Stammtische haben immer etwas Profanes: Meist treffen sich da nur Männer unter Ausschluß (zumindest weiblicher) Öffentlichkeit. An großen runden Tischen, rund um den überdimensionalen Aschenbecher mit Messing-Ständer und Hinweisschild, unter Hirschgeweih und Tabaksdunst. Was dabei raus kommt, weiß man eh schon vorher: Biertisch-Parolen, Möchtegern-Politik, Männer-Geschwätz, schlimmstenfalls mit sexistischen Zoten. Eine Einladung zum Stammtisch? - Igitt, nein danke.

Ganz anders ist es da schon in Bremen: Da wird eine Einladung zum „Bremer Stammtisch“ schon wie eine besondere Auszeichnung gehandelt. Gerne zahlt man(n) auch zweifuffzig Nachporto, wenn die soooo wunderschöne, profi-kreative und leider Postnorm-abweichende Einladung in den Briefkasten flattert. Da sagt selbst Thommy zu und wirft seine Männergruppen-gründenden-linken Skrupel über Bord kommt zum erlauchten Stammtisch-Treffen. Man(n) könnte ja jemanden treffen im Kreise der dezidierten Imageförderer des kleinsten Bundeslandes.

Eine Fahrt ins Blaue hatte der allseits aktive Rundum-Quirl Rolf D. Voss seinen Gästen versprochen. Ausgangspunkt war HBF Gleis 8, wo neugierige Fotografen schußbereit hinter ihren Stativen aufgebaut standen. Die zumeist hanseatisch managermäßig blau-betuchten Männer durften den futuristischen Modell-Superzug nicht nur bestaunen (wie das Bremer Fußvolk am Geburtsstagsfest) sondern auch besteigen: Und huiii ging's mit manchmal 200 Sachen in sage-und -schreibe 40 Minuten nach Hamburg-Harburg. Ein bißchen erhebender weil illustrer und exklusiver noch als im TGV Paris-Lyon: Denn 400 Stundenkilometer hat er schon mal geschafft, der DB-Superhit. Früheren Lok-Führerträumen nachsinnend bestaunten die rund 100 hochkarätigen Stammtisch -Gäste, u.a. und redenschwingend Senator Kunick und DB-Chef Hemjö Klein, die digitalen Anzeigen, aufwendig durchgestylten Coupes und vor allem das (frei-)Bier in Schnappverschlußflaschen aus Lüneburg.
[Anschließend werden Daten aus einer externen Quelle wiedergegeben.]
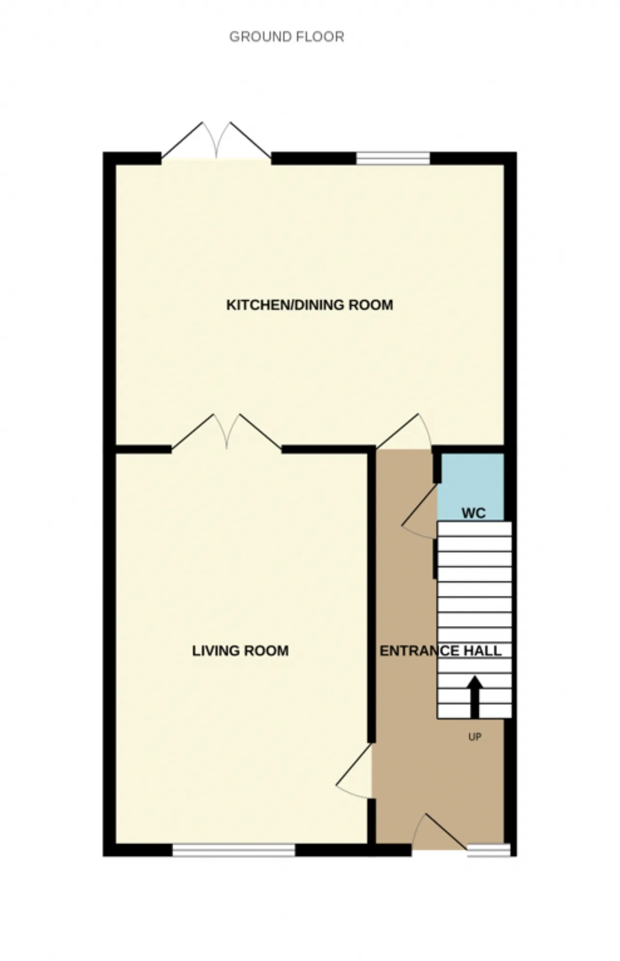 Guest Wc 0.9m x 0.8m Wc, wash hand basin, fully tiled floor.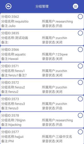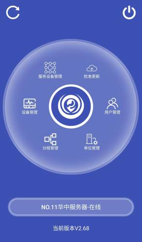 2.用户选择服务器进行登录,可操作用户管理、单位管理、分组管理、设备管理、服务设备管理等。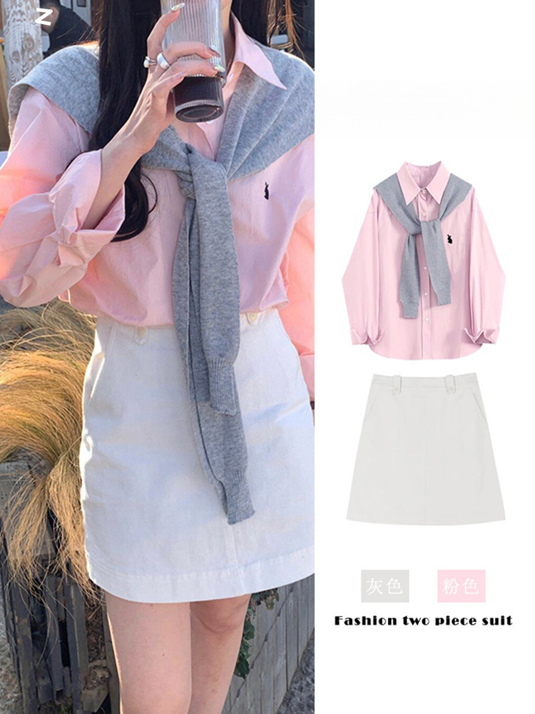 • 셔츠+숄 투피스 슈트 [한국 배형 몸매 의상 세트로 여름옷/올해 여성에게 인기 있는 부드러운 거리 가슴 옷/

Ein chefetagenkonform -verkleideter Linker griff erfreut zum vermeintlichen Werner -Bier. Überrascht ob der Bemerkung: „Flens? - das ist doch ein REP-Förderer“ hatte auch er dann eine informelle Neuigkeit mit nach Hause zu nehmen. Wie auch den etwas komischen Eindruck, den die noblen Herren uniform hinter Kapuziner-Tüchern versteckt machten, als sie im Brauhaus in Lüneburg zum rustikalen (Fest)essen gegen Kleckern und Klotzen eingekleidet wurden. Klatschkolummnisten loben an dieser Stelle die Sponsoren.